### Data block

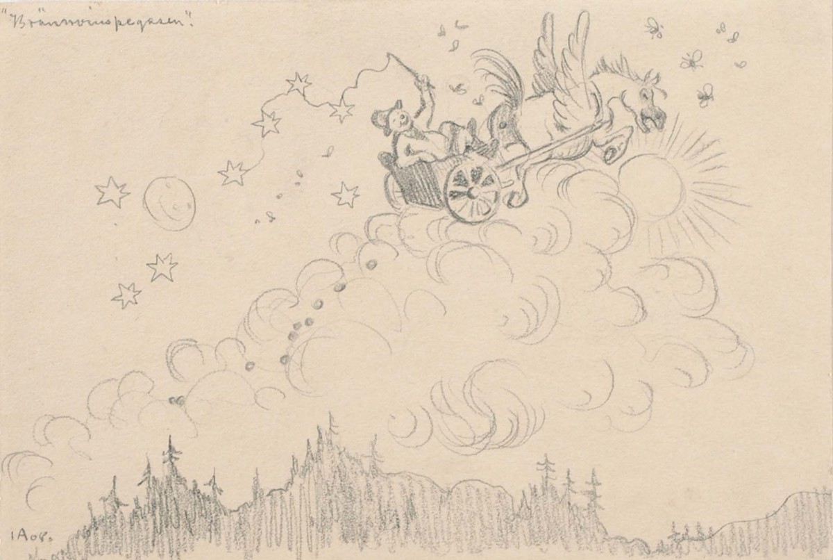 En teckning som visar en man med hatt som sitter i en vagn som dras av en pegas, en mytologisk varelse i form av en bevingad häst. Ekipaget flyger mot skyn över grantopparna. På himlen lyser en leende måne, stjärnor, som tycks komma ur hästpiskan, tillsammans med solen som tittar fram bakom molnen. Insekter surrar framför pegasens huvud och pegasen själv släpper runda "hästäpplen" efter sig som ett radband genom skyn. I övre vänster hörn står det "Brännvinspegasen".
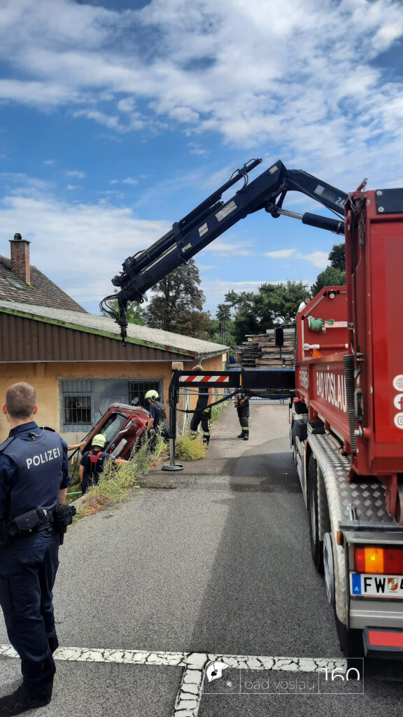 Die Fahrzeugbergung wurde nach der Freigabe durch die Polizei mit dem Wechselladefahrzeug der Bad Vöslauer Stadtfeuerwehr durchgeführt.
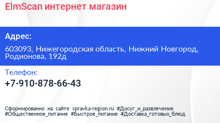 ElmScan, интернет-магазин по адресу 603093, Нижегородская область, Нижний Новгород, Родионова, 192д в дальнейшем Организация, размещена в следующих категориях:
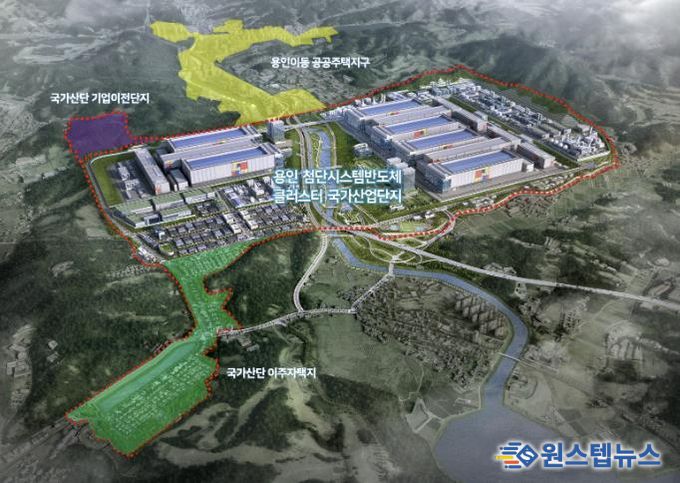 ‘용인 첨단시스템반도체 국가산업단지’는 이동읍·남사읍 일원 777만 3656㎡(약 235만 평) 부지에 삼성전자가 시스템반도체 생산설비(Fab) 6기를 건설하는 초대형 프로젝트다. 삼성전자는 이곳에 360조원을 투자할 계획이라고 밝혔지만 향후 생산설비 건설이 진행되면서 투자규모는 한층 더 커질 것이라는 전망이 나오고 있다. 이곳에는 80여 개 반도체 소재·부품·장비·설계 기업, 연구기관도 입주하게 된다.

### Exercise requirements
Please return all of the material above exactly, minus any pictures.

### Solution
 En teckning som visar en man med hatt som sitter i en vagn som dras av en pegas, en mytologisk varelse i form av en bevingad häst. Ekipaget flyger mot skyn över grantopparna. På himlen lyser en leende måne, stjärnor, som tycks komma ur hästpiskan, tillsammans med solen som tittar fram bakom molnen. Insekter surrar framför pegasens huvud och pegasen själv släpper runda "hästäpplen" efter sig som ett radband genom skyn. I övre vänster hörn står det "Brännvinspegasen".
 Die Fahrzeugbergung wurde nach der Freigabe durch die Polizei mit dem Wechselladefahrzeug der Bad Vöslauer Stadtfeuerwehr durchgeführt.
 ElmScan, интернет-магазин по адресу 603093, Нижегородская область, Нижний Новгород, Родионова, 192д в дальнейшем Организация, размещена в следующих категориях:
 ‘용인 첨단시스템반도체 국가산업단지’는 이동읍·남사읍 일원 777만 3656㎡(약 235만 평) 부지에 삼성전자가 시스템반도체 생산설비(Fab) 6기를 건설하는 초대형 프로젝트다. 삼성전자는 이곳에 360조원을 투자할 계획이라고 밝혔지만 향후 생산설비 건설이 진행되면서 투자규모는 한층 더 커질 것이라는 전망이 나오고 있다. 이곳에는 80여 개 반도체 소재·부품·장비·설계 기업, 연구기관도 입주하게 된다.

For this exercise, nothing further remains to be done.